Building homes from the good earth

AS a small child I watched from our covered wagon while our sod house was being built. It was the summer of 1909 that my uncle, Wesley Williams, and other pioneers from North Dakota drove their prairie schooners onto their homesteads 110 miles southeast of Stettler, Alberta, and began building homes from the good earth.

Sod plowed near the edge of a slough was tough. Furrows 16 inches wide and four inches deep were marked off in lengths of 32 inches and chopped apart with an ax. These, laid like brick, produced a wall 32 inches thick.

Before laying sod for the walls of the house (inside measurements 16 by 44 feet), a cellar was dug, accessible by ladder through a trapdoor in the floor, to provide storage and prevent freezing of provisions.

When it came time to roof the structure, I begged to go along on a trip to the nearby coulee from which our water was hauled and where an abundance of small poplar trees grew. A full load of poplars was brought back and I watched, fascinated, as their green tops dragged the prairie grass all the way home.

These trees were used for rafters, on top of which tar paper was placed and then slabs of sod. After the windows, doors, and flooring we had brought with us were installed, any holes were chocked with mud. Mud was troweled over the interior walls and whitewashed. Only curtains strung on wires divided the rooms. Later, when materials were available, skeleton partitions were erected and covered with cheesecloth and wallpaper, as also were the walls.

Our parlor had allover rag carpeting made of three-foot strips sewn together. Besides weekly sweeping, this needed a cleaning every few years. When I grew old enough to help, I learned what a task it was. Tacks were pulled, carpet hung on the clotheslines and beaten to remove most of the dust, then strips ripped apart and washed. These had to be resewn by hand before relaying.

Our ornate heater sat in the middle of this room and lace curtains hung at the windows. After the windy summer had passed, evenings were spent around the stove, reading by the pretty china coal-oil parlor lamp with its big round wick. In this room, devotions were held each morning before my elders took up their work for the day and I started my two-mile walk to the country schoolhouse, built a year after we arrived.

The short summers brought meadowlarks and other birds, wildflowers and berry picking. However, summer also generated enemies - mosquitoes and flies. Our screen door was but meager protection against these formidable pests.

Winters were beautiful, but difficult. Sod is a fine insulator; when the thermometer registered 40 to 60 degrees below zero, however, and the fire burned out in the kitchen stove at night, the water pail contained solid ice by morning.

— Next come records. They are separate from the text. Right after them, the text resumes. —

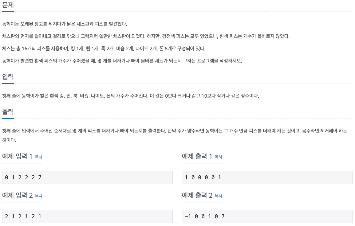 첫째 줄에 동혁이가 찾은 흰색 킹, 퀸, 룩, 비숍, 나이트, 폰의 개수가 주어진다. 이 값은 0보다 크거나 같고 10보다 작거나 같은 정수이다.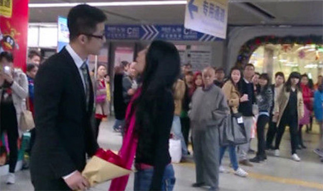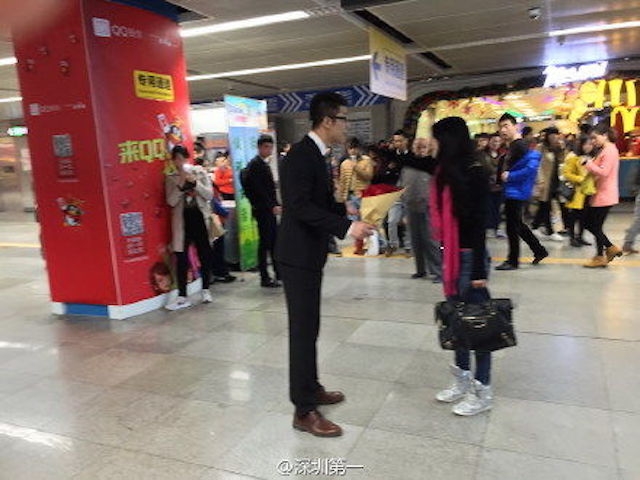 Những bức ảnh chụp một cô gái bị bạn trai chia tay ngay tại bến tàu điện ngầm Thâm Quyến, Trung Quốc đang gây xôn xao trên mạng xã hội Trung Quốc.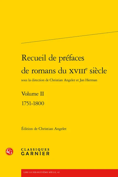 Directeurs d’ensemble : Angelet (Christian), Herman (Jan) - Résumé : Le dossier présenté ici comprend plus de 180 préfaces de romans du xviiie siècle, pour la plupart inédites. Le copieux index qui les accompagne en fait un instrument de travail et permettra à l’utilisateur de choisir ses propres pistes de lecture.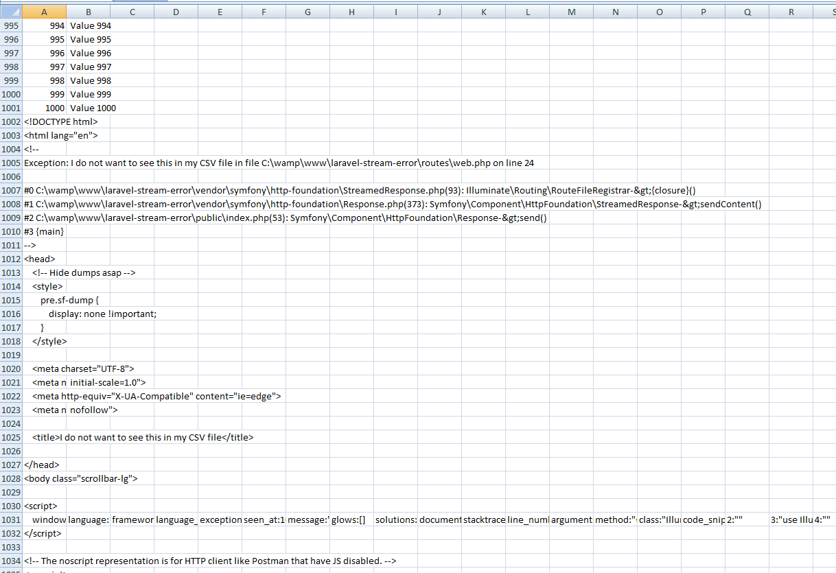routes/web.phpfile:When you visit that route, it'll download the CSV file. Open it, and you'll see the HTML of the message directly in the file: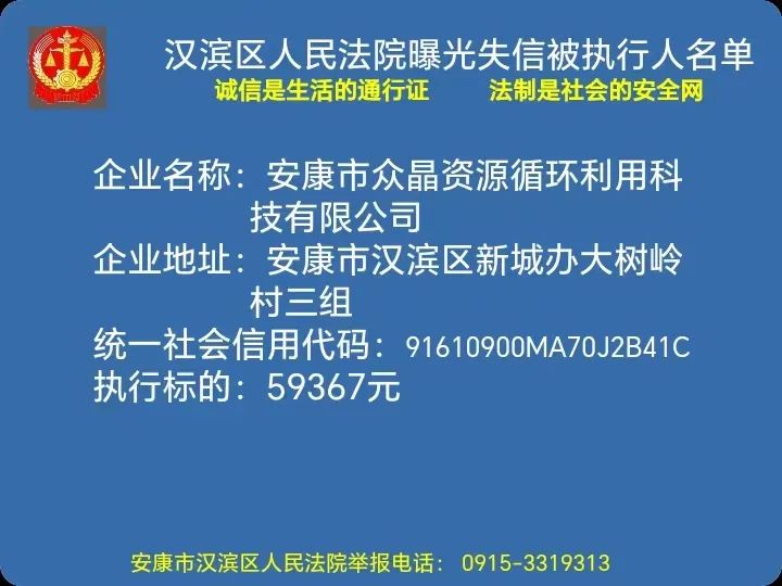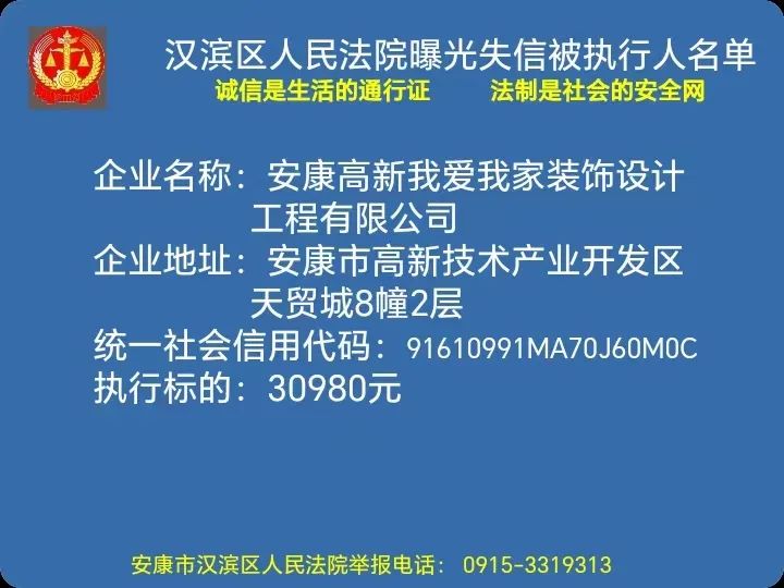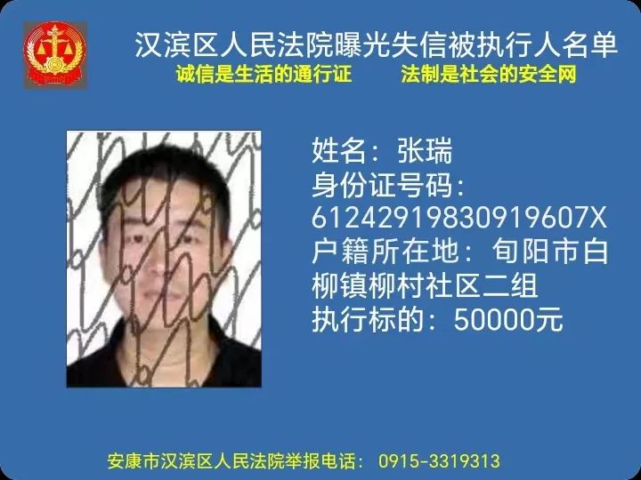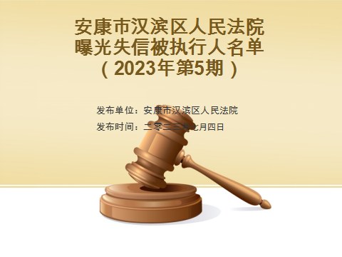 曝光失信 | 安康市漢濱區人民法院失信被執行人曝光名單(2023年第5期)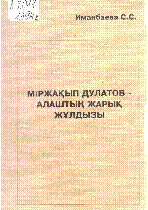 Міржақып Дулатов - Алаштың жарық жұлдызы [Мәтін] / С. С. Иманбаева ; жалпы ред. басқ. К.Ә. Сағадиев ; ҚР білім және ғылым министрлігі ; Қазақ мемл. аграрлық ун-ті... – Алматы : Қазмемагру, 2001. - 233 б., портр.; - Кеңес Нұрпейісұлының қоры : К. Нұрпейісұлына сыйға тарт. авт. қолтаңбасымен . – Пайдал. деректер мен әдеб.: 193-207 б. ; Қосымша: 208-232 б. . – 300 дана – 9965-416-41-9 : 30 тг.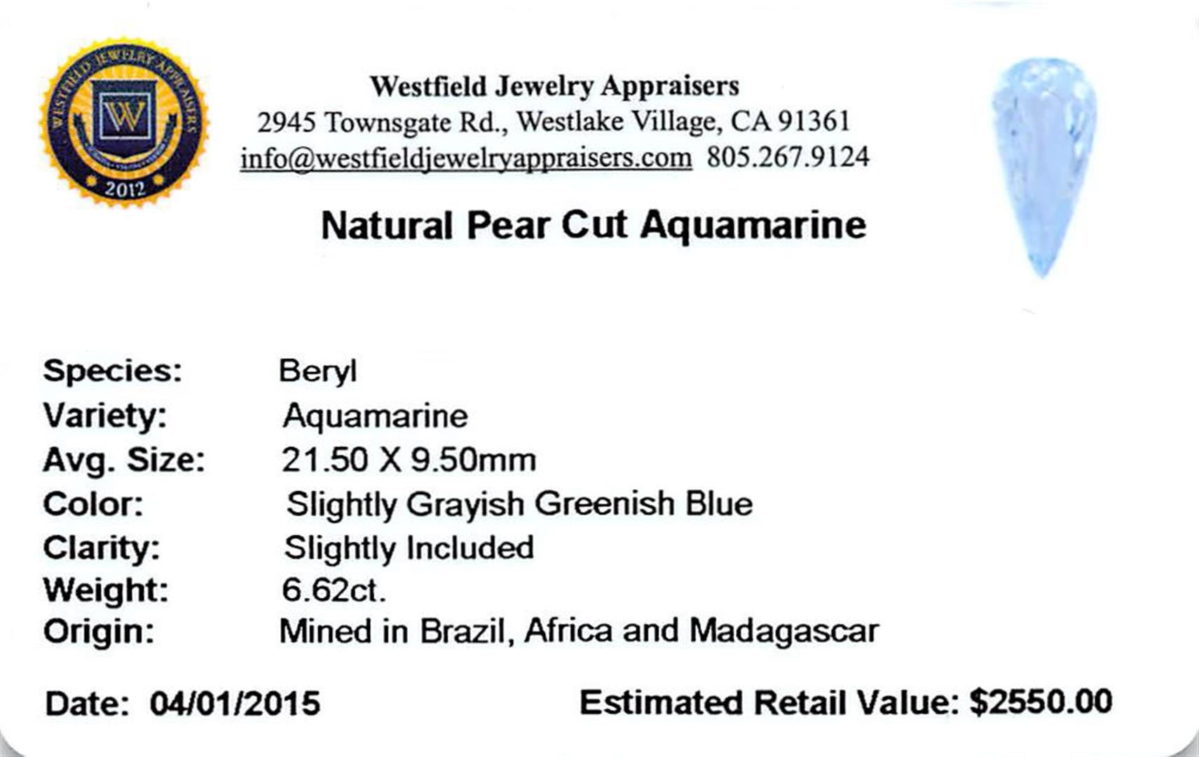 One pear cut natural aquamarine exact weight 4.61ct., clarity is slightly included, type I, medium, very slightly grayish, very slightly greenish blue color, (GIA vslgB 5/3), cut is good. Westfield Appraised at $1,775.00.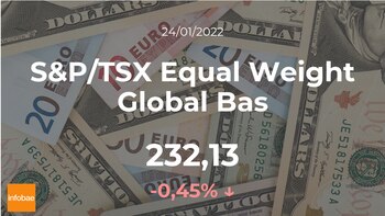 Día bajista para el S&P/TSX Equal Weight Global Bas, que terminó la sesión del lunes 24 de enero con ligeras bajadas del 0,45%, hasta los 232,13 puntos. El S&P/TSX Equal Weight Global Bas anotó la cifra máxima de 232,27 puntos y la cifra mínima de 220,39 puntos. El rango de cotización para el S&P/TSX Equal Weight Global Bas entre su punto más alto y el más bajo (máximo-mínimo) durante este día se situó en el 5,11%.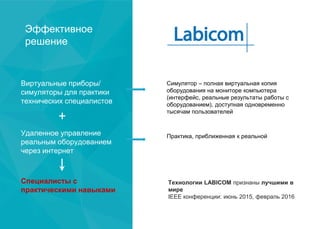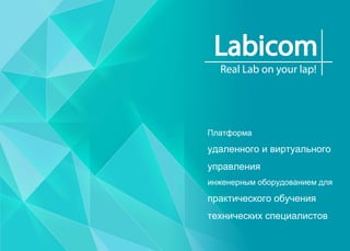 Документ описывает платформу для удаленного и виртуального управления инженерным оборудованием, которая предлагает практическое обучение технических специалистов с использованием симуляторов и дистанционного доступа к оборудованию. Платформа направлена на оптимизацию учебного процесса, снижение затрат на обучение и повышение навыков студентов с целью решения проблем в компании. Система включает создание кастомизированных обучающих курсов и использование виртуальных приборов для практических занятий.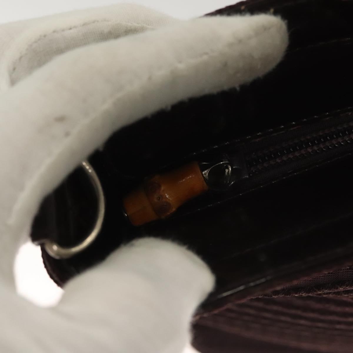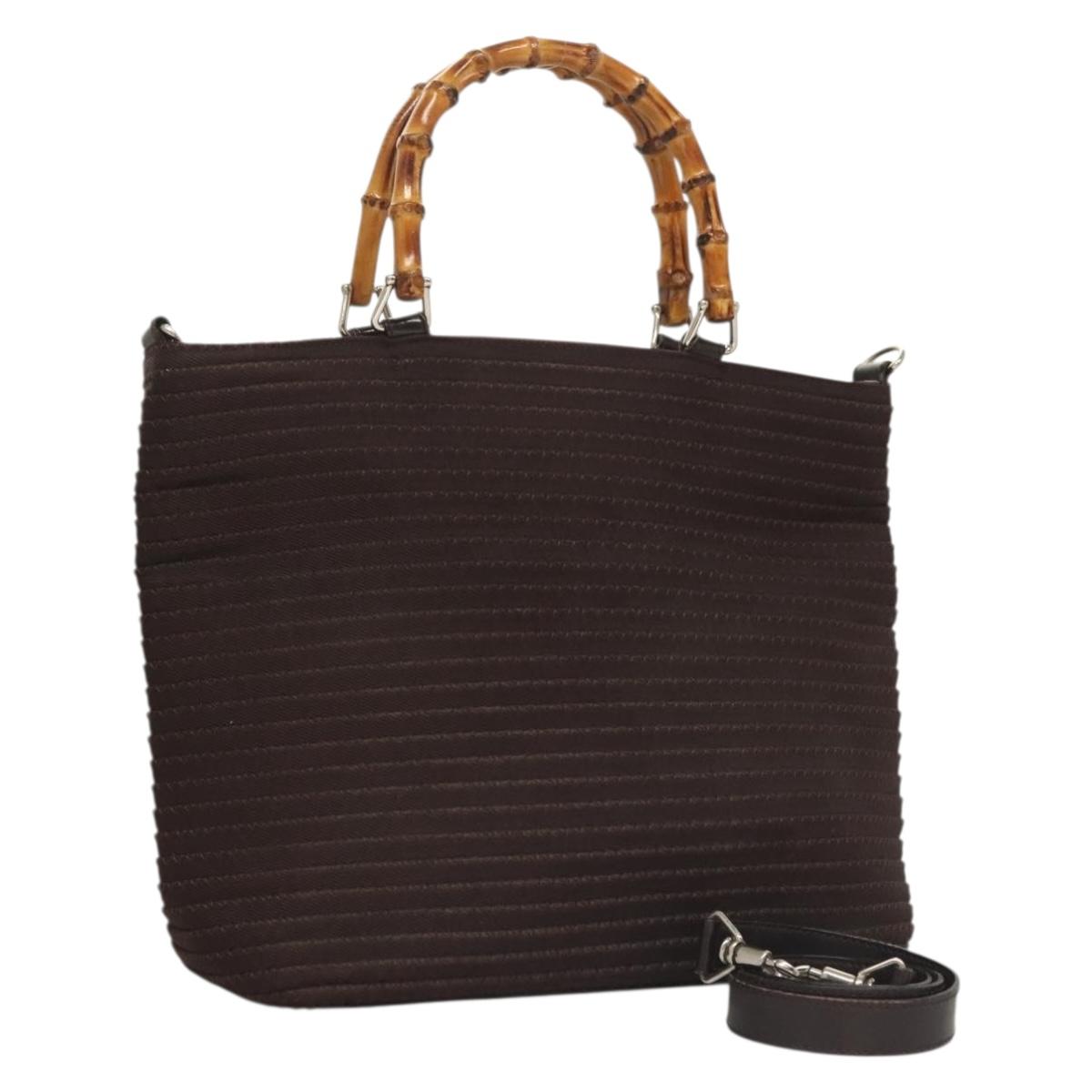 GUCCI Bamboo Hand Bag Nylon 2way Brown Silver 000 1998 0540 Auth ti3282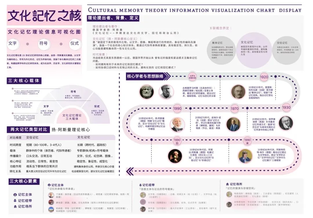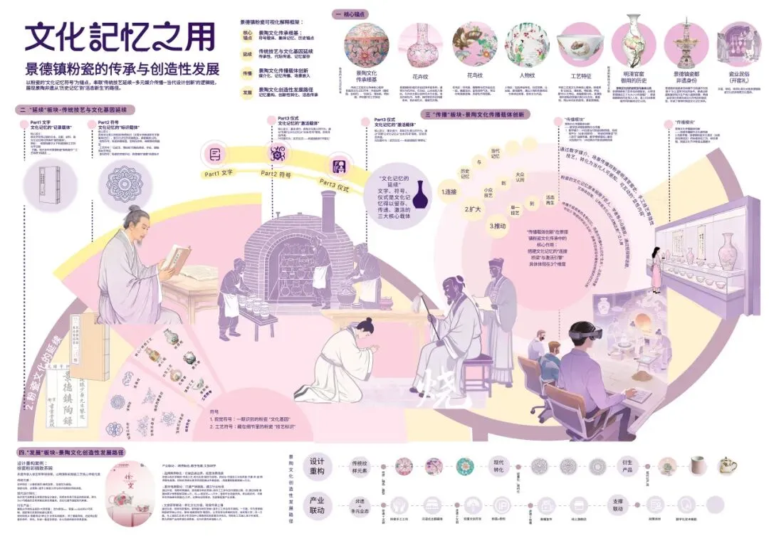 本次可视化设计以“文化记忆之核”与“文化记忆之用”为主题,展开分为两张视觉图表的设计:第一张聚焦文化记忆理论内涵、理论框架(文化记忆之核),第二张则以景德镇粉瓷为案例,展示文化记忆理论在传统工艺传承中的应用具体展开分析(文化记忆之用),形成“理论解构-实践落地”的完整研究视角。
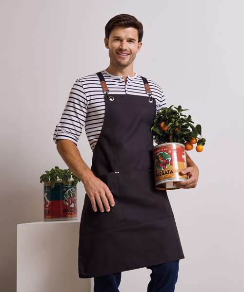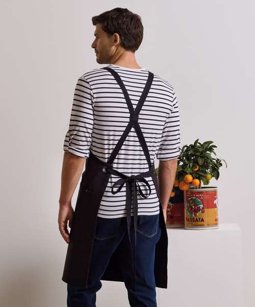 Cross-back apron with self-coloured woven herringbone straps. Fabric piece to hold cross-back shape in place. Faux leather detail to the straps. Gun metal/antique brass eyelets. Carabiner clips. Three large patch pockets stitched into a slight curve. Pen pocket. Rivet details. Self-fabric cloth holder. Cotton-rich with certified recycled polyester for durability. Length: 86cm; width: 72cm.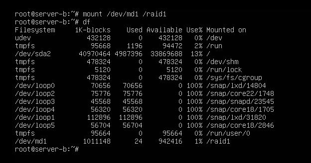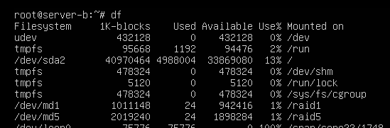 리부팅 후 df 명령어로 확인시 RAID 1과 5는 구동을 하고 있는것으로 확인 된다.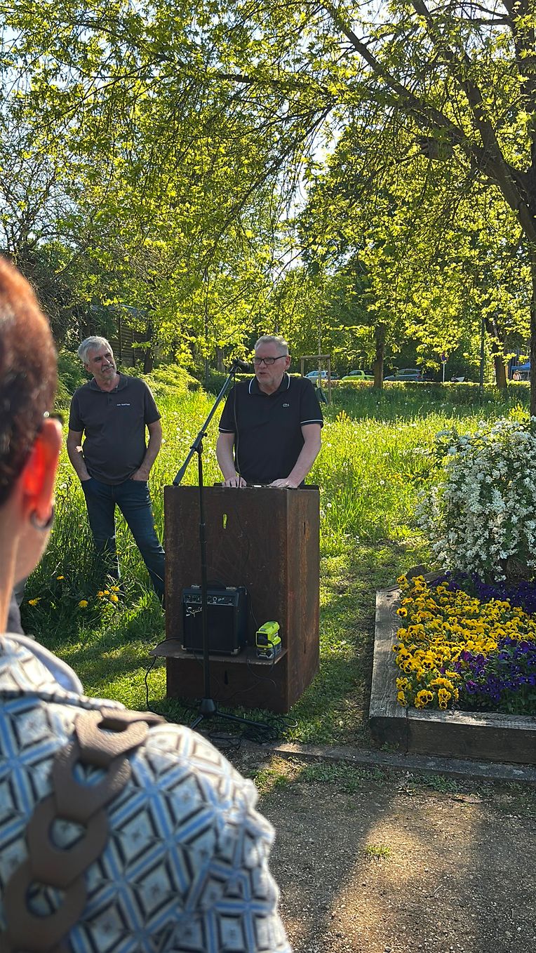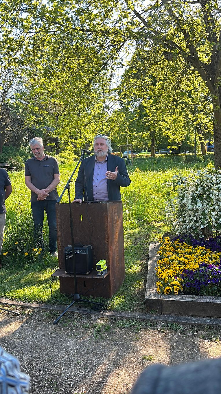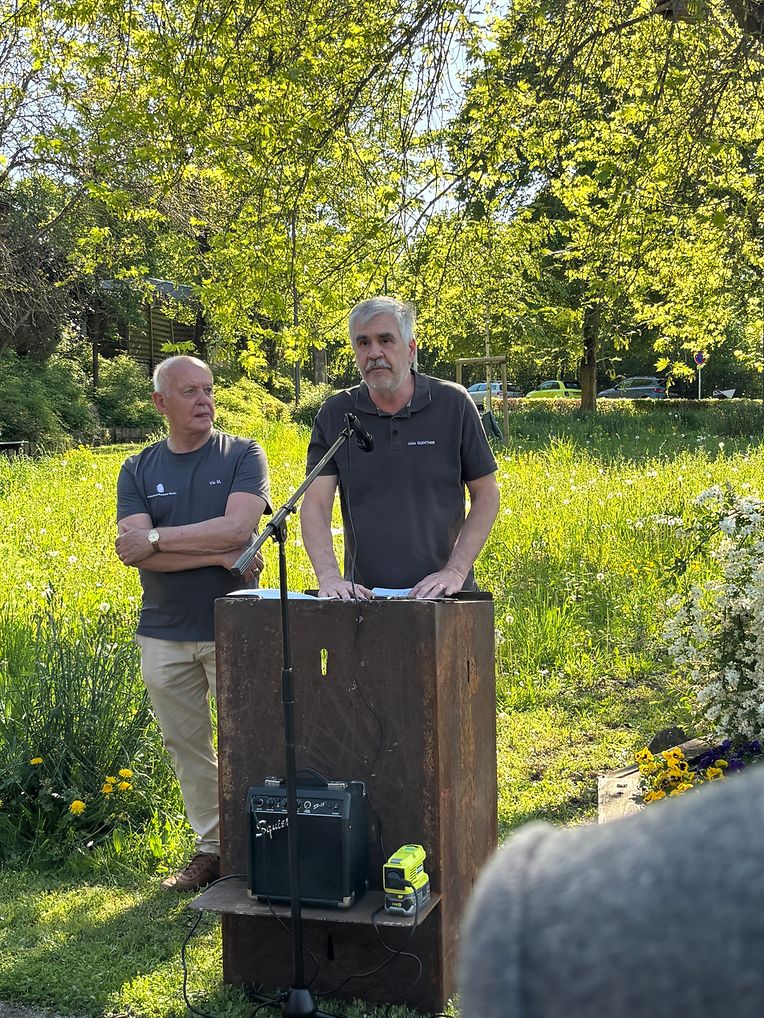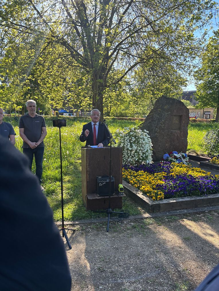 Beim Gedenksteen an der “Cité um Benn“ si Blummen néiergeluecht ginn an an hiren Usproochen hunn den Här Paul Weimerskirch (Buergermeeschter), den Här Alain Günther (Schmelzaarbechter Musée), den Här Andrea Spigarelli (OGBL), den Här Georges Conter (LCGB) an den Här Yves Biwer (AGORA) den Aarbechter geduecht ouni därer Fläiss a Schweess eist Land net dat wär wat et ass. Dofir huet all eenzele Schmelzaarbechter eisen déifste Respekt verdéngt.

On these nights flatirons were heated and wrapped in flannelette to make our beds cozy.

One thing about winter I thoroughly hated was my long underwear. My aunt ordered it from the catalog, always a size too large so I wouldn't outgrow it before it had served its time.

I would become furious trying to turn back the too-long legs and wrap them around my ankles. These folds could leave no large lumps after I pulled up my long black stockings, or they would interfere with the proper lacing of my high-top shoes. The whole garment was too large until I grew into it, which seldom happened before the suits were worn out, and the following fall I would start all over again with a larger size. The result was that I never really caught up with my underwear.

Whenever a blizzard howled, Aunt Ellen always placed a lighted lamp in the window at night.

I remember once I was awakened by an unusual commotion and found my aunt and uncle thawing a man's feet and hands. The stranger had found our house on his hands and knees after he was thrown from his sled by his team running away. The light in the window had saved a life.

My first Christmas tree was a bare poplar from the coulee. Its limbs were decorated with candles, balls of cotton, and tissue paper - and hanging from its boughs were gingerbread boys and frost cookies. When I saw it that Christmas morning my child's-mind camera clicked and the image was stored in my album of memories.

I had a battered doll with sawdust body and tin head; but she was beautiful when I dressed her in the new clothes my aunt had made with pieces from her scrap-bag.

The house was now warm, and after breakfast I helped carry the potted plants from the cellar and place them on the wide windowsills. Our geraniums, chrysanthemums, and Christmas cactus never failed to gladden the cold winter days.

When looking back on the 12 formative years I lived in that primitive structure and the heritage given me, I realize it was not just a sod house, but a comfortable and cherished home.